BEGIN INFORMATION PROVIDED
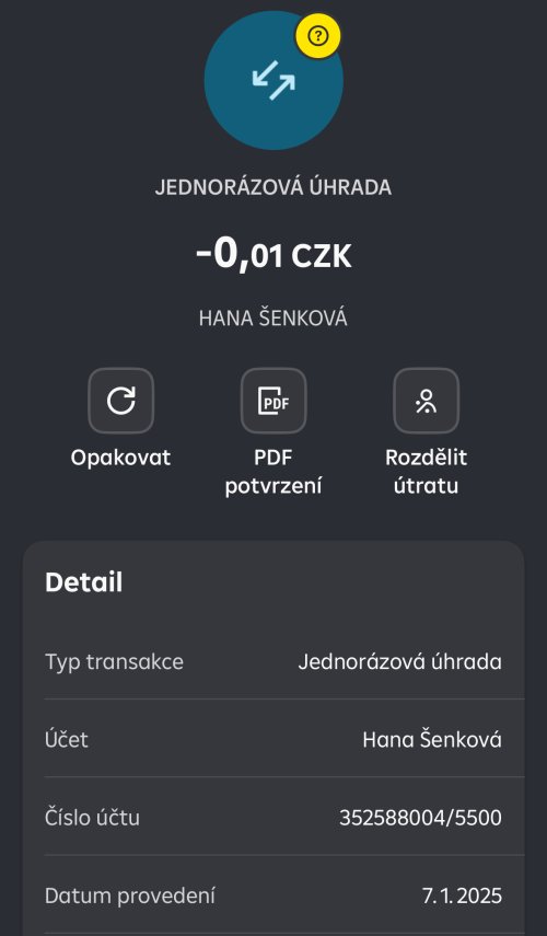 Poslat zprávupřidal skutečné jméno majitele účtu: Hana Šenková k bankovnímu účtu: 352588004/5500
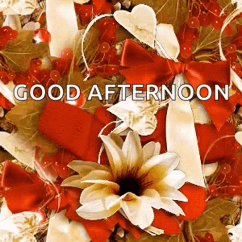 A vibrant good afternoon greeting featuring red bows, berries, hearts, and a beautiful flower.
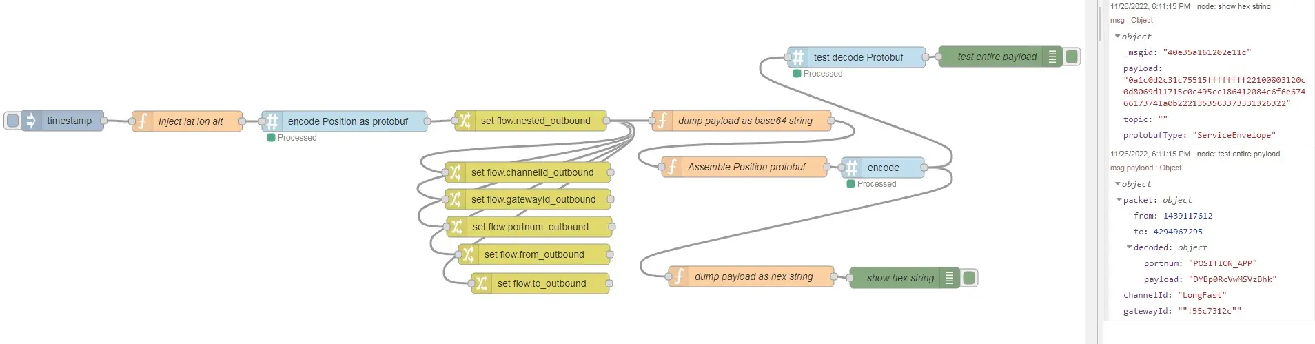 "func": "msg.protobufType=null;\nmsg.payload =\n{\n \"packet\": {\n \"from\": flow.get(\"from_outbound\"),\n \"to\": flow.get(\"to_outbound\"), \n \"decoded\":{\n //how ENUMS are handled here\n //portnum is decoded as string but encoded as number\n //in the encode/decode node-red nodes based on protobuf.js\n \"portnum\": flow.get(\"portnum_outbound\"),\n \"payload\": msg.payload \n } \n },\n\n \"channelId\": flow.get(\"channelId_outbound\"),\n \"gatewayId\": flow.get(\"gatewayId_outbound\"),\n};\nreturn msg;\n//info on how to get json data into protobuf \"bytes\" field\n//https://github.com/protobufjs/protobuf.js/wiki/Changes-in-ProtoBuf.js-3.8",
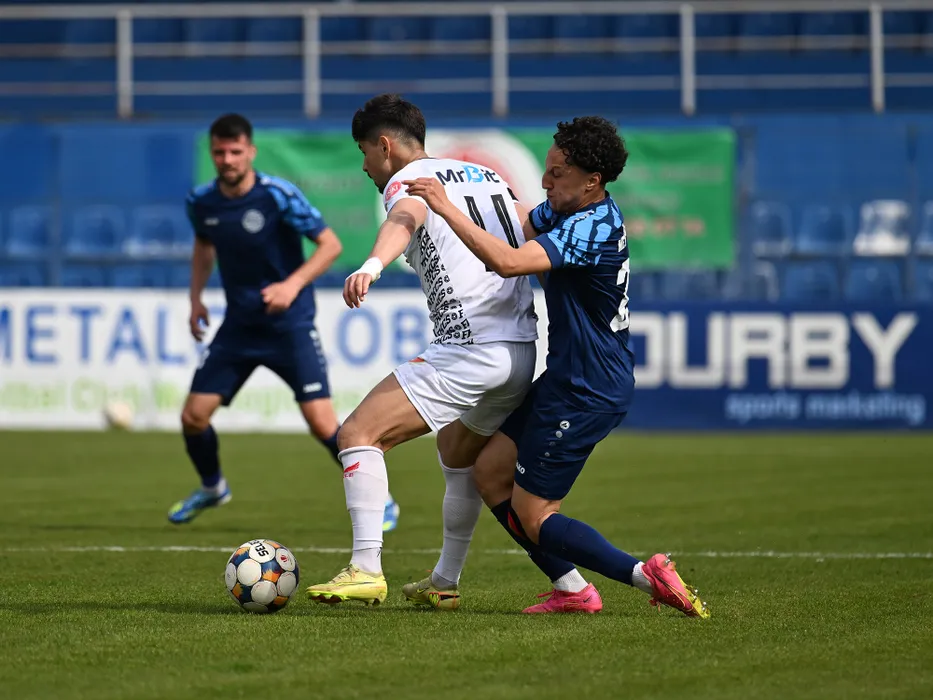 Francisco Anderson De Jesus Dos Santos si Yassine Mohammed Zakir in meciul de fotbal dintre Metaloglobus Bucuresti si FK Csikszereda Miercurea Ciuc, contand pentru Play out-ul Superligii Superbet, desfasurat pe Clinceni Arena din Clinceni, luni 13 aprilie 2026. © FOTO:Razvan Pasarica/SPORT PICTURES
END INFORMATION PROVIDED
> _WHAT TO DO_:
No pictures go in the copy. Set down all the data exactly.

> _RESULT OF THE TASK_:
 Poslat zprávupřidal skutečné jméno majitele účtu: Hana Šenková k bankovnímu účtu: 352588004/5500
 A vibrant good afternoon greeting featuring red bows, berries, hearts, and a beautiful flower.
 "func": "msg.protobufType=null;\nmsg.payload =\n{\n \"packet\": {\n \"from\": flow.get(\"from_outbound\"),\n \"to\": flow.get(\"to_outbound\"), \n \"decoded\":{\n //how ENUMS are handled here\n //portnum is decoded as string but encoded as number\n //in the encode/decode node-red nodes based on protobuf.js\n \"portnum\": flow.get(\"portnum_outbound\"),\n \"payload\": msg.payload \n } \n },\n\n \"channelId\": flow.get(\"channelId_outbound\"),\n \"gatewayId\": flow.get(\"gatewayId_outbound\"),\n};\nreturn msg;\n//info on how to get json data into protobuf \"bytes\" field\n//https://github.com/protobufjs/protobuf.js/wiki/Changes-in-ProtoBuf.js-3.8",
 Francisco Anderson De Jesus Dos Santos si Yassine Mohammed Zakir in meciul de fotbal dintre Metaloglobus Bucuresti si FK Csikszereda Miercurea Ciuc, contand pentru Play out-ul Superligii Superbet, desfasurat pe Clinceni Arena din Clinceni, luni 13 aprilie 2026. © FOTO:Razvan Pasarica/SPORT PICTURES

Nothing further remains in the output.